Codex Micro Brings Physical Controls to AI Workflows
OpenAI’s Dominik Kundel presents the Codex Micro, built with Work Louder, as a customizable hardware control surface for directing and monitoring Codex work. In a demo using GPT-5.6 Sol to build a browser word game, he uses dedicated controls for voice prompts, Plan mode, reasoning effort, task switching, permission approvals and queued follow-up requests. Kundel’s central claim is that users can map those actions to physical inputs around their own workflow rather than rely on a fixed keyboard layout.

Codex Micro maps active Codex work to hardware controls
Dominik Kundel presents Codex Micro as a customizable keyboard built with Work Louder for Codex. In his example, the device brings voice dictation, Plan mode, reasoning effort, task switching, permission approval, and configurable shortcuts into a set of physical controls while Codex is working.
Kundel uses GPT-5.6 Sol to build a browser game called “One Letter Off.” Players change one letter at a time to turn “cold” into “warm,” with a 30-second timer, streaks, and tile animations. Holding a key on the Micro starts voice dictation, transcribing the request directly into Codex’s “What should we build?” field.
I can hold this key and start talking to Codex.
The entire specification appears without Kundel touching the laptop keyboard. Later, he uses the same control to send a revision: “Make the win state punchier and add a streak counter.” In Kundel’s framing, the Micro is meant to support both the initial instruction and subsequent direction of work.
Input and steering are assigned to dedicated controls
The Micro’s analog stick can be mapped to the skills Kundel uses most often. Its default upward swipe activates Codex’s Plan mode; the interface confirms the command with “Toggle plan mode Triggered.”
A separate dial controls reasoning effort. Kundel says he uses it to move between a quick task and deeper reasoning without breaking his flow. The displayed Codex setting changes GPT-5.6 Sol’s advanced reasoning level from Light to Extra high.
The point is not that a particular mapping is mandatory. Kundel says the controls can be configured around the Codex actions a user uses most. But the defaults shown give distinct physical inputs to three forms of direction: speaking a request, entering Plan mode, and changing the requested reasoning effort.

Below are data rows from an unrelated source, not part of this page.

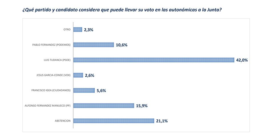 Respecto a las Elecciones Autonómicas, un 42% de los encuestados apuesta por el PSOE de Luis Tudanca; seguido de Alfonso Fernández Mañueco (PP) con un 15,9% y Pablo Fernández de Podemos (10,6%).
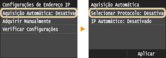 ![]() Se <Ativado> for exibido, toque em <Aquisição Automática> e defina ambos <Selecionar Protocolo> e <IP Automático> para <Desativado>.
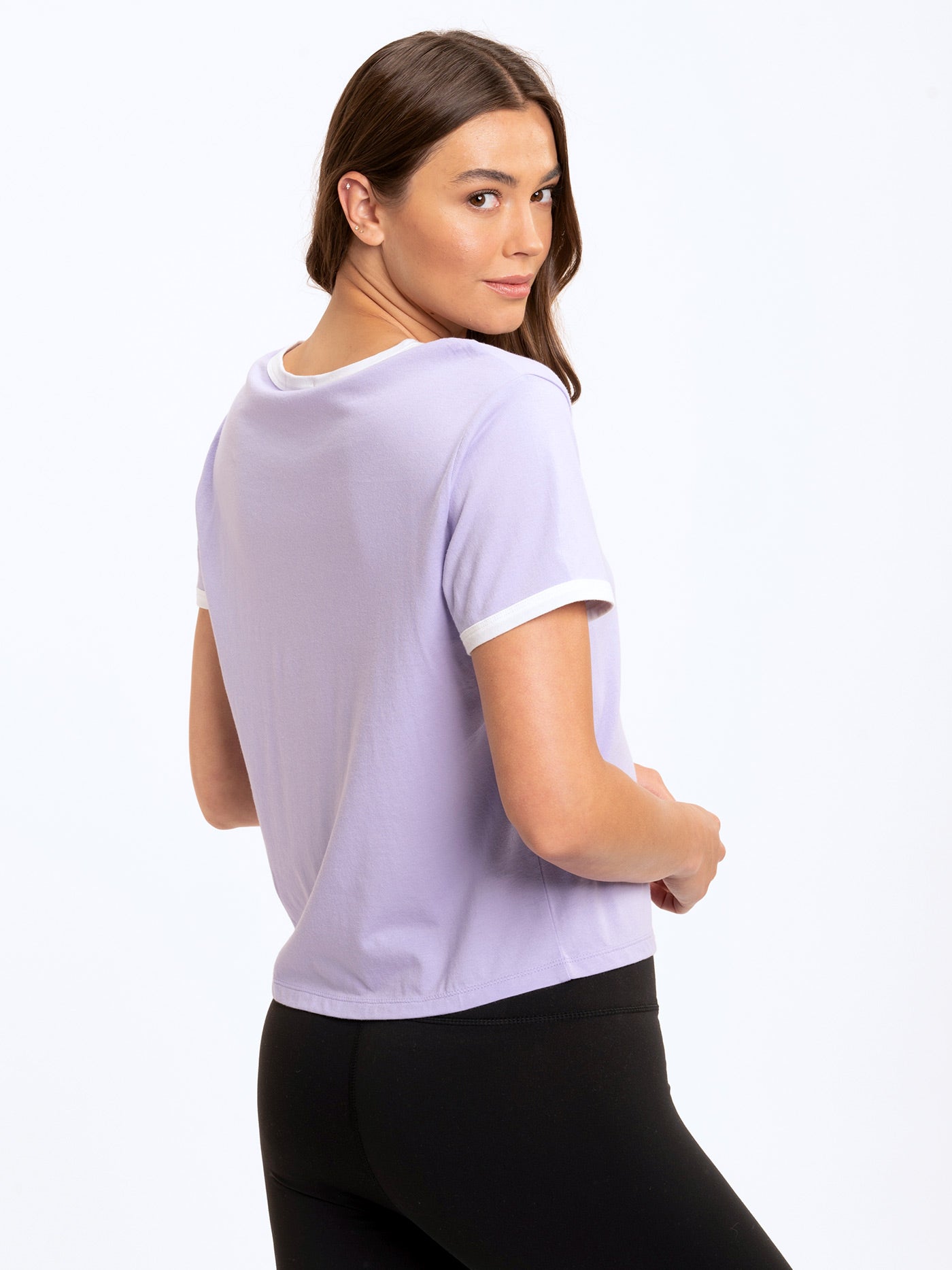 The Clea Crop Ringer Tee is made from our super soft blend of organic cotton and modal. This tee hits right at your high waist & is perfectly paired with your favorite leggings or skort!
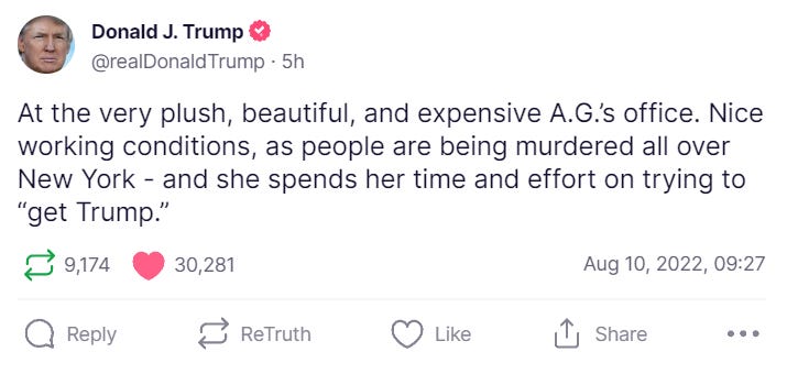Donald Trump, our brave and loyal former leader, is currently standing (sitting) in front of a dastardly array of Deep State law enforcement agents (the New York Attorney General’s office), forced to participate in yet another Partisan Witch Hunt (investigation into whether or not he fraudulently inflated the value of his assets to cheat on taxes).
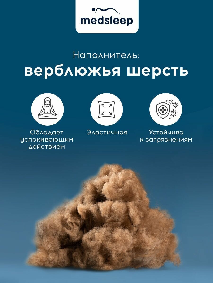 Пух австралийского верблюда имеет полую структуру и хорошо впитывает влагу, поэтому она легче и теплее многих наполнителей. Изделие из верблюжьей шерсти дышит. Материал благоприятно воздействует на человека, снимая нервное напряжение, расслабляя мышцы и нормализуя кровообращение. Шерсть способна снимать статическое электричество. Прочный чехол отличается высокой гигроскопичностью. Плотный хлопок-тик с особым плетением нитей дополнительно изолирует мелкие частички наполнителя, не позволяя им проникать наружу.

Pinned tasks turn the Micro into a surface for supervising concurrent work
Kundel is not only building the word game. He also has other work running in pinned tasks, each assigned to a Micro key for quick switching. The visible Codex sidebar includes “Codex Chief of Staff,” “Docs revamp,” and “Build One Letter Off game.”
He says the device provides a quick view of what is running and what needs attention. When Codex is in the background, a double tap can surface an item requiring attention. Task switching, in this setup, is not limited to moving among open windows; it is linked to the pinned work Codex is carrying out.
The same control surface handles an interruption that requires approval. When Codex asks for permission to use Apple Notes, Kundel switches to the request and presses accept. The prompt shown asks, “Allow ChatGPT to use Notes?” and highlights “Allow this conversation.”
After approving the request, Kundel switches back and holds the voice key to queue the follow-up change to the game. He describes jumping among tasks as easier this way, adding that the analog stick also works as a fidget toy while Codex completes a task.
Customization is the product’s central premise
The completed game shows a timer at 23, COLD as the current word, WARM as the target word, and an instruction to type a four-letter word. Kundel calls it a live game built “all from the Micro.”
The particular controls used to make it are examples, not a fixed layout. Kundel says every Codex Micro control can be customized, including mappings for common skills, creating a pull request, or “even triggering my pet.”
All of the controls on the Codex Micro are customizable.
The settings screen shows battery and brightness controls, a graphical keyboard layout, agent keys and knobs, and an option to edit a keycap’s assigned shortcut. OpenAI positions the Micro as a configurable hardware layer for directing and monitoring Codex work: entering requests, selecting tasks, changing modes and reasoning effort, responding to permission prompts, and sending follow-up instructions.